◆ **Task**: Please repeat the listing below exactly, but do not include its pictures.

◆ **Records**:
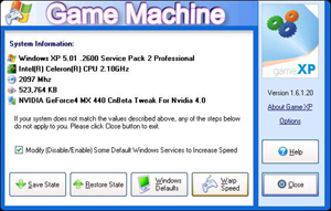 常聽別人說玩電腦游戲最好的操作系統(tǒng)是Win98,原因無非是Win98操作系統(tǒng)占用系統(tǒng)資源非常少,而WinXP雖然功能特別強大,但系統(tǒng)資源占用也直線狂飆,而對于我們魔獸玩家來說,WinXP的許多強大功能我們是不需要的,可以考慮暫時移除這些“額外”功能。這里推薦使用Game Machine這款自動把計算機系統(tǒng)變?yōu)橛螒驒C的軟件(下載地址:http://www.onlinedown.net/soft/25191.htm),它的使用方法非常簡單,只需要按下“Warp Speed”就可以了(圖4)。
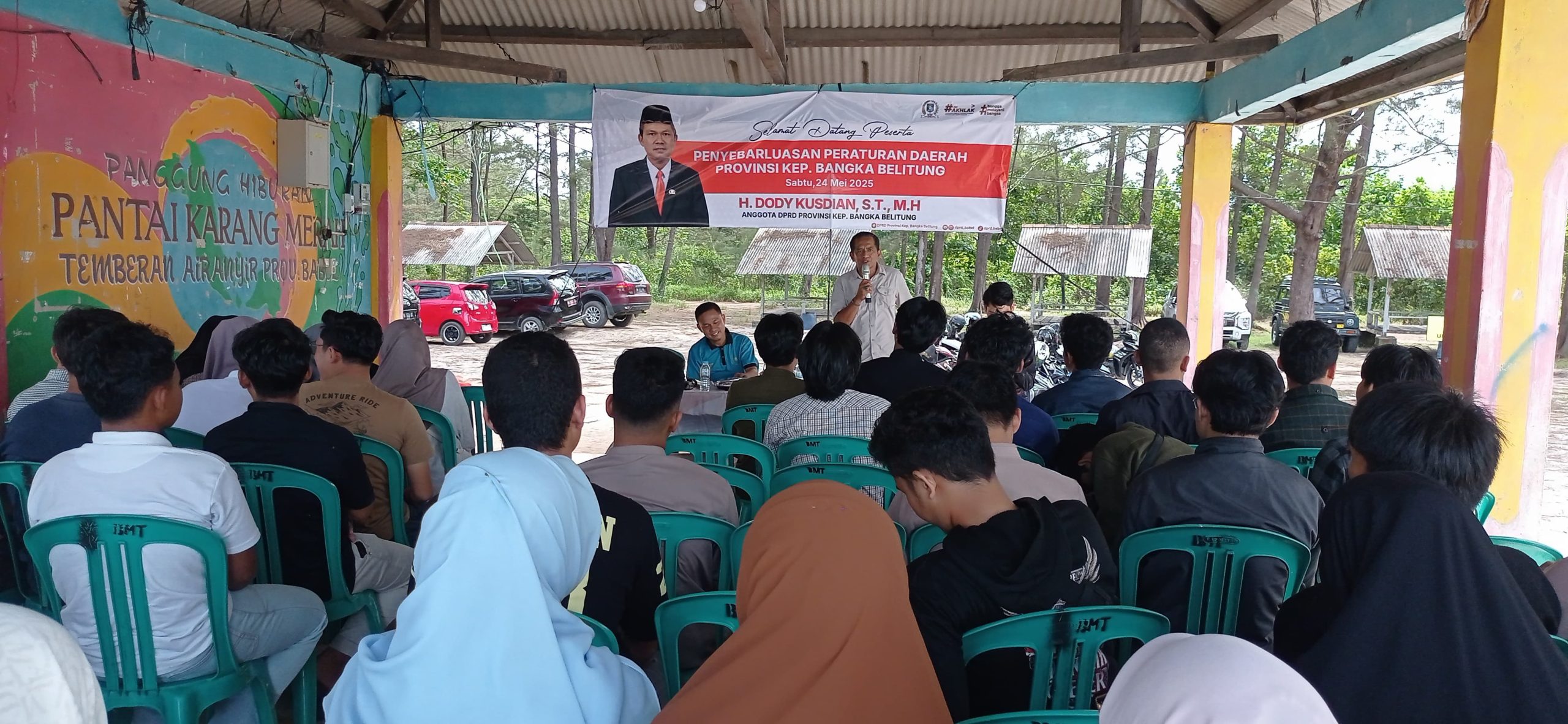 TerabasNews, Merawang – Dalam semilir angin pantai Temberan, Desa Air Anyir, Kabupaten Bangka, Sabtu (24/05/2025), Ketua Komisi II DPRD Provinsi Kepulauan Bangka Belitung, Dody Kusdian mensosialisasikan Peraturan Daerah (Perda) Nomor 13 Tahun 2016 tentang Keolahragaan kepada mahasiswa dan masyarakat.
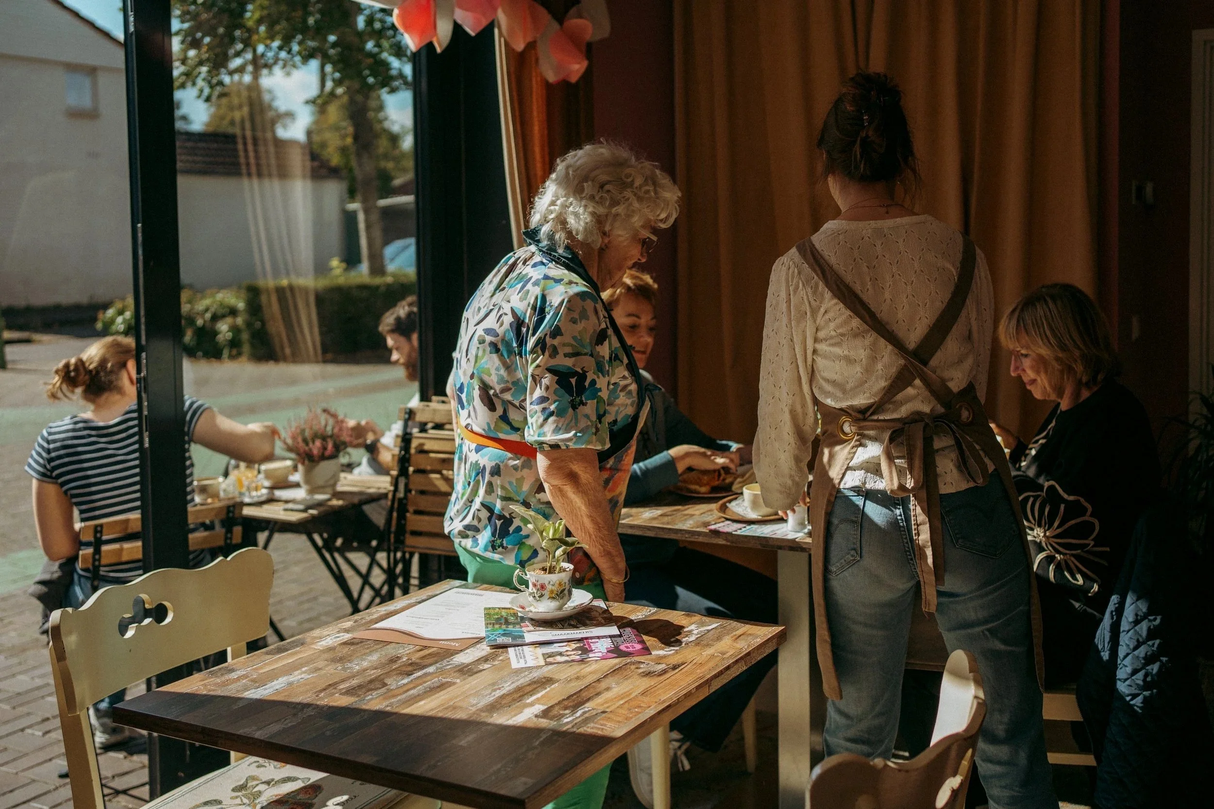 (wij zijn altijd dichtbij)Tafeltjes afruimen en schoonmaken voor de volgende gasten
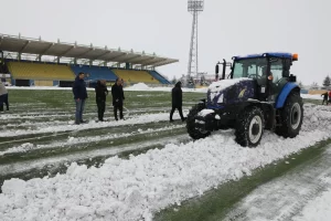 Ağrı Gençlik ve Spor İl Müdürlüğü Spor Hizmetleri Müdürü Cemil Budak, karla kaplı spor sahasını temizlemek için traktörle sahaya indi.AĞRI (İGFA)...
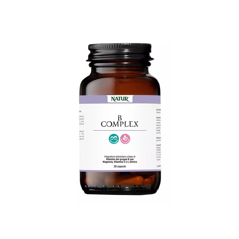 Descrizione Integratore alimentare a base dell'intero complesso di vitamine del gruppo B per il benessere del sistema nervoso e della corretta regolazione ormonale. Il magnesio, la vitamina B1 (tiamina), la vitamina B8 (biotina), la vitamina B6, la vitamina B12 e la vitamina C contribuiscono alla normale funzione psicologica, al metabolismo energetico e al normale funzionamento del sistema nervoso. La tiamina contribuisce inoltre alla normale funzione cardiaca, mentre la vitamina C, la riboflavina, la vitamina B12, il folato e la vitamina B6 contribuiscono alla riduzione della stanchezza e dell'affaticamento e alla protezione delle cellule dallo stress ossidativo. L'acido pantotenico contribuisce alla normale sintesi e al normale metabolismo degli ormoni steroidei, della vitamina D e di alcuni neurotrasmettitori; contribuisce, inoltre, a prestazioni mentali normali. Il folato contribuisce alla normale funzione psicologica, mentre la colina contribuisce al normale metabolismo dell'omocisteina, al normale metabolismo dei lipidi e al mantenimento della normale funzione epatica. Le materie prime usate sono OGM free e non irradiate. Adatto a bambini e in gravidanza.
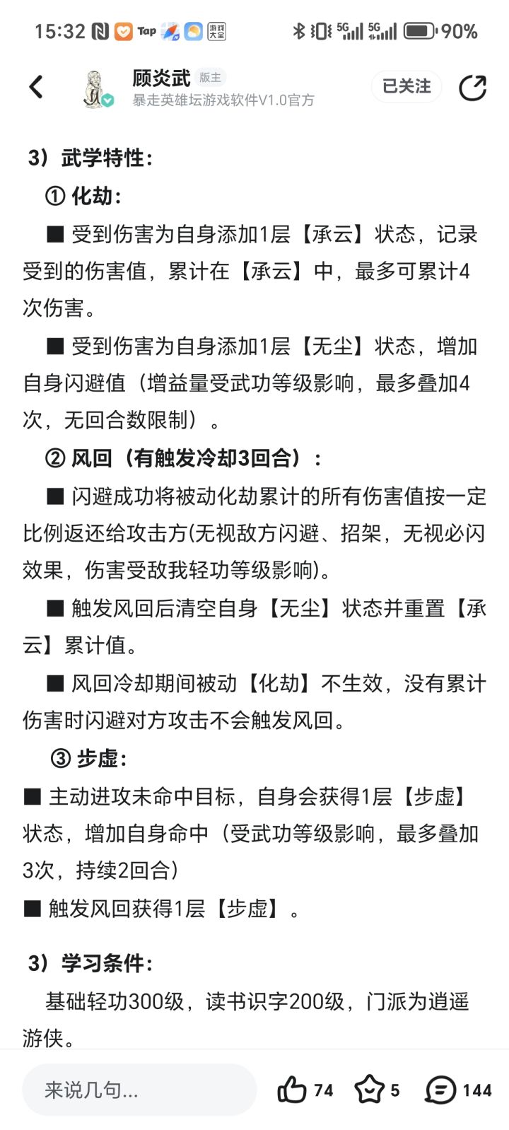 ①新轻功受击可以记录四层伤害,并可叠加四次闪避,在成功触发闪避后可将一定伤害奉还
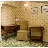 Bureau plat 70x110x59 cm fauteuil à dossier droit 94x50x40 cm petite table rectangulaire et lampe h 60 cm
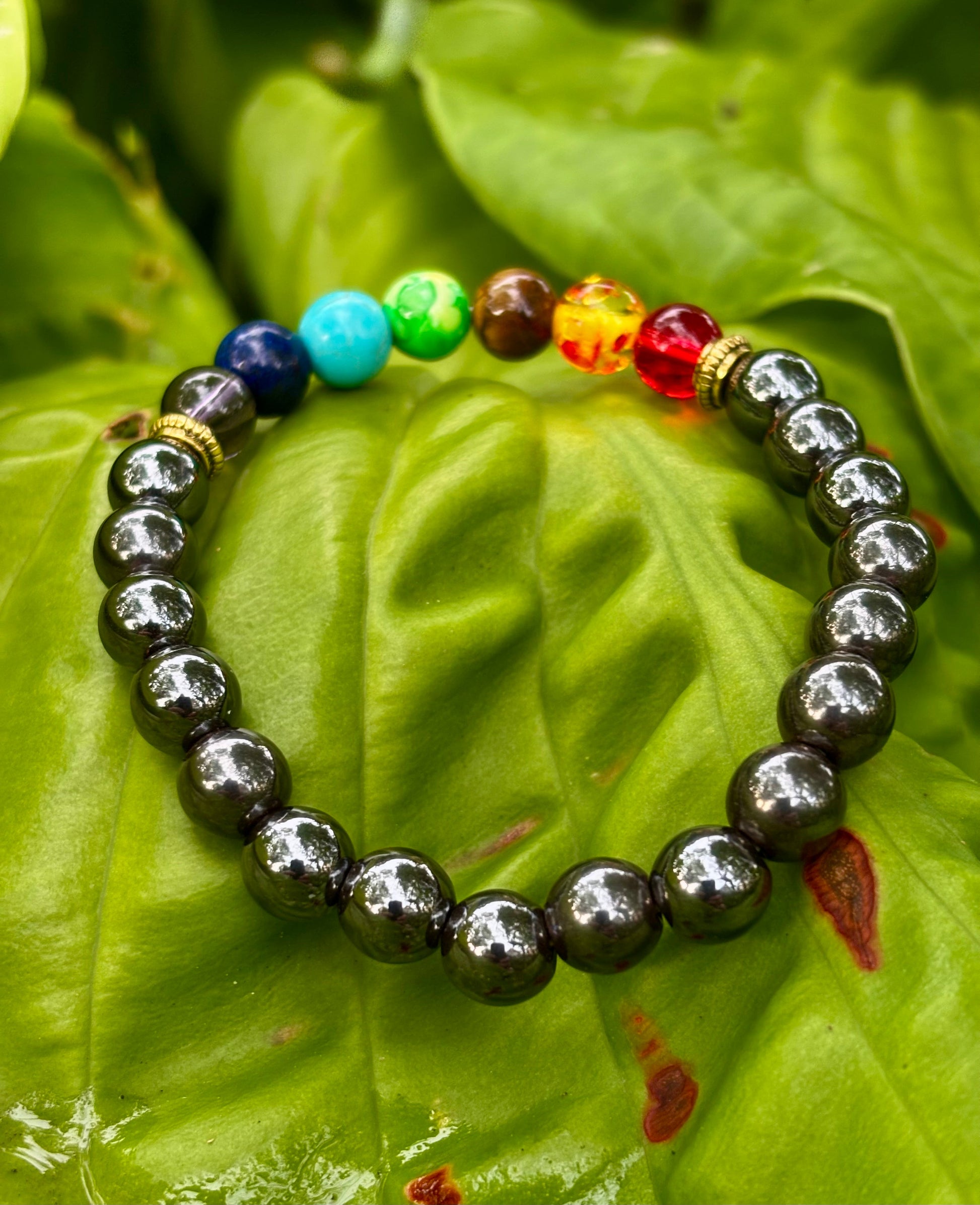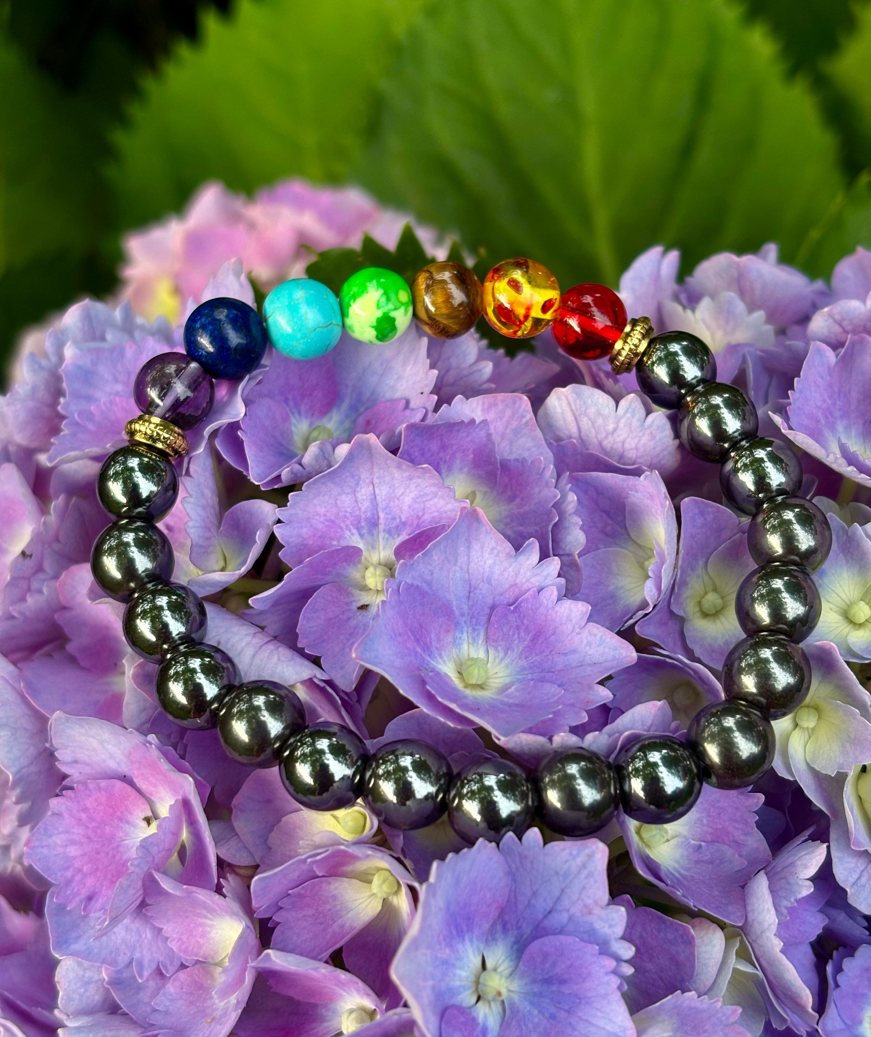 Chakra Healing Beads Bracelet with Hematite - Grounding, Protection & Balance

◆ **Task response**:
 常聽別人說玩電腦游戲最好的操作系統(tǒng)是Win98,原因無非是Win98操作系統(tǒng)占用系統(tǒng)資源非常少,而WinXP雖然功能特別強大,但系統(tǒng)資源占用也直線狂飆,而對于我們魔獸玩家來說,WinXP的許多強大功能我們是不需要的,可以考慮暫時移除這些“額外”功能。這里推薦使用Game Machine這款自動把計算機系統(tǒng)變?yōu)橛螒驒C的軟件(下載地址:http://www.onlinedown.net/soft/25191.htm),它的使用方法非常簡單,只需要按下“Warp Speed”就可以了(圖4)。
 TerabasNews, Merawang – Dalam semilir angin pantai Temberan, Desa Air Anyir, Kabupaten Bangka, Sabtu (24/05/2025), Ketua Komisi II DPRD Provinsi Kepulauan Bangka Belitung, Dody Kusdian mensosialisasikan Peraturan Daerah (Perda) Nomor 13 Tahun 2016 tentang Keolahragaan kepada mahasiswa dan masyarakat.
 (wij zijn altijd dichtbij)Tafeltjes afruimen en schoonmaken voor de volgende gasten
 Ağrı Gençlik ve Spor İl Müdürlüğü Spor Hizmetleri Müdürü Cemil Budak, karla kaplı spor sahasını temizlemek için traktörle sahaya indi.AĞRI (İGFA)...
 Descrizione Integratore alimentare a base dell'intero complesso di vitamine del gruppo B per il benessere del sistema nervoso e della corretta regolazione ormonale. Il magnesio, la vitamina B1 (tiamina), la vitamina B8 (biotina), la vitamina B6, la vitamina B12 e la vitamina C contribuiscono alla normale funzione psicologica, al metabolismo energetico e al normale funzionamento del sistema nervoso. La tiamina contribuisce inoltre alla normale funzione cardiaca, mentre la vitamina C, la riboflavina, la vitamina B12, il folato e la vitamina B6 contribuiscono alla riduzione della stanchezza e dell'affaticamento e alla protezione delle cellule dallo stress ossidativo. L'acido pantotenico contribuisce alla normale sintesi e al normale metabolismo degli ormoni steroidei, della vitamina D e di alcuni neurotrasmettitori; contribuisce, inoltre, a prestazioni mentali normali. Il folato contribuisce alla normale funzione psicologica, mentre la colina contribuisce al normale metabolismo dell'omocisteina, al normale metabolismo dei lipidi e al mantenimento della normale funzione epatica. Le materie prime usate sono OGM free e non irradiate. Adatto a bambini e in gravidanza.
 ①新轻功受击可以记录四层伤害,并可叠加四次闪避,在成功触发闪避后可将一定伤害奉还
 Bureau plat 70x110x59 cm fauteuil à dossier droit 94x50x40 cm petite table rectangulaire et lampe h 60 cm
 Chakra Healing Beads Bracelet with Hematite - Grounding, Protection & Balance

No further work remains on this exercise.